To explore the effects of an expanding population on the probability of seeing a variant in a case and not in controls, we used coalescent theory to simulate a population with effective size 10,000 and current size 6 billion. Expansion from 10,000 to 6 billion took place in the population beginning 500 generations ago. The mutation rate was scaled down from 2.0625 × 10-8 to 1.675 × 10-8 mutations per base per generation for the expanding population simulations in order to generate the same expected number of segregating sites as were seen when the population size was assumed constant. 2.0625 × 10-8 is the mutation rate that will lead to θ equal to 8.25 × 10-4 for a population of size 10,000.

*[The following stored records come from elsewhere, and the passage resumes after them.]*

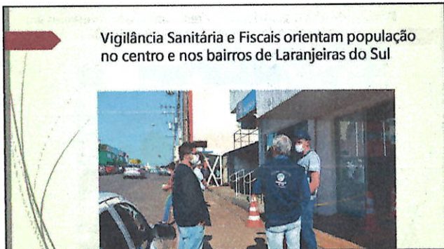
Vigilância Sanitária e Fiscais orientam população no centro e nos bairros de Laranjeiras do Sul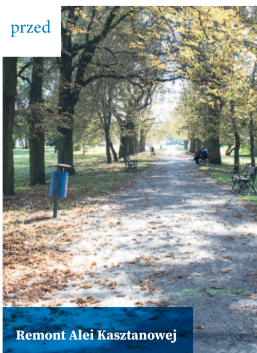
Remont Alei Kasztanowej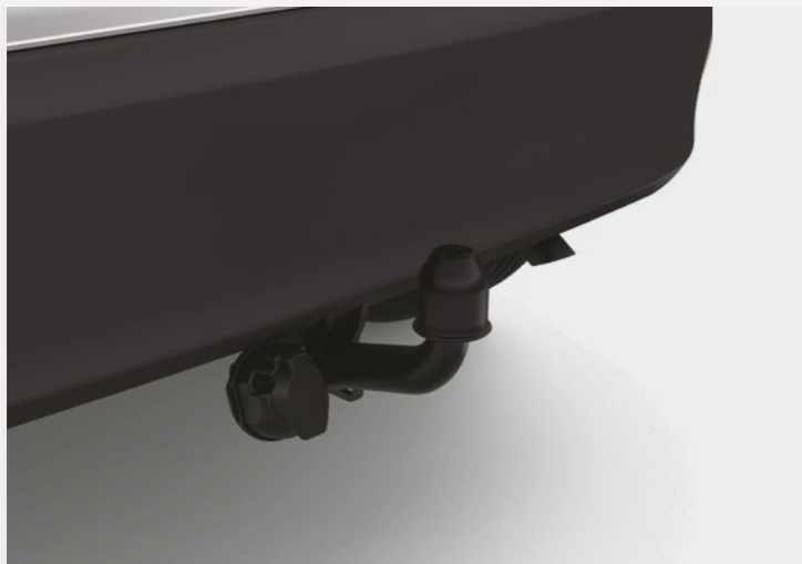
וו גרירה קבוע*

In addition, we modeled a population of constant size and verified that the probability of seeing a variant in a randomly chosen individual and not in any other individual was approximately the same as the value obtained using the mathematics presented earlier. All simulations were done assuming no recombination between sites.

Results

Table 3 gives the results, under our null neutral model, of no causal association between a variant and disease, for a mutation-detection experiment in which a single patient is heterozygous for a variant not found in a group of controls or for an experiment in which the patient is homozygous for a variant never found in homozygous state in controls. Table 3A contains three sections. In the first, the genome-wide average θ of 8.25 × 10-4 is used. In the second and third sections, θ for coding regions, 4.8 × 10-4, is used. The second section adjusts θ for a base that is conserved in mice, and the third adjusts θ for a base that is conserved in fugu. Within each section, the first column lists P-values associated with examining 10 kb of sequence in one patient and in 10–200 unaffected controls, and the second column gives the maximum length of sequence (kb) that may be examined to keep the P-value under 0.05. Table 3B compares P-values obtained using simulation for a population of constant size and for an expanding population. In Table 3B, the length of the region examined was held constant at 10 kb, and 10,000 replicates were performed to obtain each value. Table 3C gives the minimum size of the control group that must be examined in order to keep the P-value near 0.05 for 1–10 kb of sequence examined. The values in Table 3 were calculated using equation 2, which assumes no recombination between sites. Results for free recombination, obtained using equation 3, can be found in Supplemental Table 1 and Supplemental Figure 1.

Table 3.

Mutation detection experiment with patient heterozygous for a variant not found in k control individuals (2k chromosomes)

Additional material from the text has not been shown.